What to produce:
Note on the material below: return exactly the lines from the line that holds "(3)纠正(2)中错误后,分别测出 $ A" through the line that holds "酷暑乗り切り緊急支援では、電", and leave out each picture.

··········

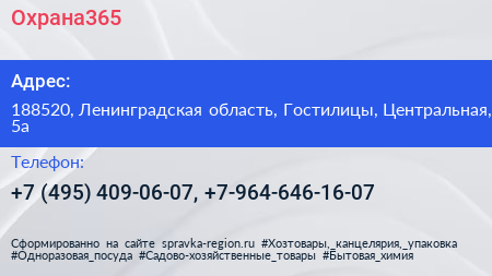 Охрана365 по адресу 188520, Ленинградская область, Гостилицы, Центральная, 5а в дальнейшем Организация, размещена в следующих категориях:
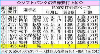 達成間近の記録 Photo by スポニチ ソフトバンク・中村 “スロー”に1500安打あと5 チーム9人目 ギャラリーで見る この記事のフォト 2025年08月19日の画像一覧 もっと見る 2025年08月19日の画像をもっと見る
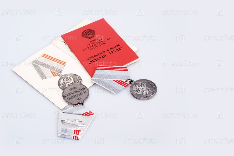 Надпись на медали на русском языке означает 'Ветеран труда СССР'
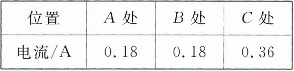 (3)纠正(2)中错误后,分别测出 $ A $、$ B $、$ C $ 三处的电流值,如下表所示。由此得出结论:并联电路中,干路电流等于各支路电流之和,且各支路的电流相等。这个实验在设计方案上还存在的不足之处是:______(写出一条)。
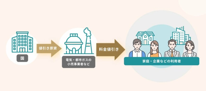 酷暑乗り切り緊急支援では、電気や都市ガスの小売事業者などが、家庭や企業などに請求する月々の料金から「使用量に応じた値引き」を行ってくれます。
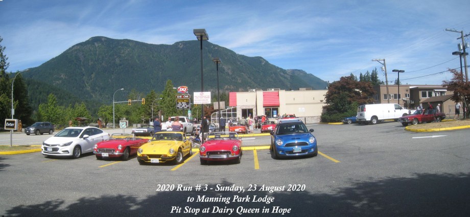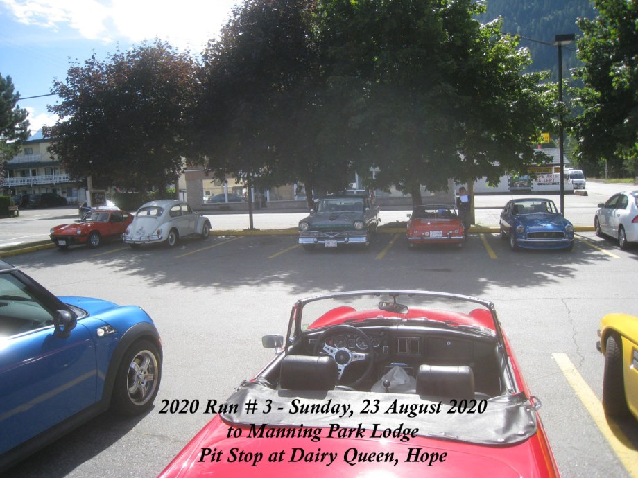 Despite a rainy day on the Friday and an indifferent Saturday, the Run day on Sunday was mostly clear and sunny. By the stated 10:15am meet-up time at the Mt. Cheam Golf Course the parking area was already quite full and there were not many vacant slots. As more of the Run cars arrived, we were resorting to double-parking when a groundsman came by and advised that we should please leave. By then there were 18 of us and it was just on 10:30am so we lined up and set off east along Luckakuck Way. There were 12 FVBCC cars, 4 from LAMB and 2 who came along as friends of members. Everyone found their way ok to Prairie Central then north on Gibson to join Yale out through Rosedale to Route 9 to skirt Agassiz and join Route 7 for Hope. We reached the Hope Dairy Queen for the scheduled Pit Stop around 11:20am. John Walkden in his 1957 Ford Meteor arrived a few minutes later, having stopped for gas. By 11:40am we were ready to leave for Manning Park. We took the Old Hope-Princeton Highway to join Route 3 with its eastward scenic route and climb to the Allison Pass at 1,342m, then the final 5 miles on down to Manning Park Lodge at 1,194m. Just a few miles short, the green MGB invited as friend, had to pull over with a clutch problem. Several cars stopped to offer assistance, but were waved on. The car eventually arrived at the Lodge and was able to set off ok for the return journey. When we arrived at around 12:30pm there were spaces available, but here and there, so a grand line-up was not possible and there were 4 to 5 person socially-distanced queues for the washrooms. As to picnic benches, there were several available and the rest of the Drive set up in socially-distanced groups, mostly in the shade, though with the temperature at around 18 deg C and the breeze, some found it quite pleasant to be out in the sun. By 1:45pm people began to pack up and leave and the last cars left at 2:15pm. The return route from Hope was driver’s choice – join the speeding week-end return traffic on H/w 1, or take the more sedate Route 7 to Route 9 and then through Rosedale. Some who took H/w 1 got into a crawl just after Annis road and this lasted to Chilliwack where they could branch off to go home, but the crawl was seen to be stretching further for the LAMB cars. The odometer reading for a Chilliwack ending was 161.4 miles run.

··········

Task response:
 (3)纠正(2)中错误后,分别测出 $ A $、$ B $、$ C $ 三处的电流值,如下表所示。由此得出结论:并联电路中,干路电流等于各支路电流之和,且各支路的电流相等。这个实验在设计方案上还存在的不足之处是:______(写出一条)。
 酷暑乗り切り緊急支援では、電気や都市ガスの小売事業者などが、家庭や企業などに請求する月々の料金から「使用量に応じた値引き」を行ってくれます。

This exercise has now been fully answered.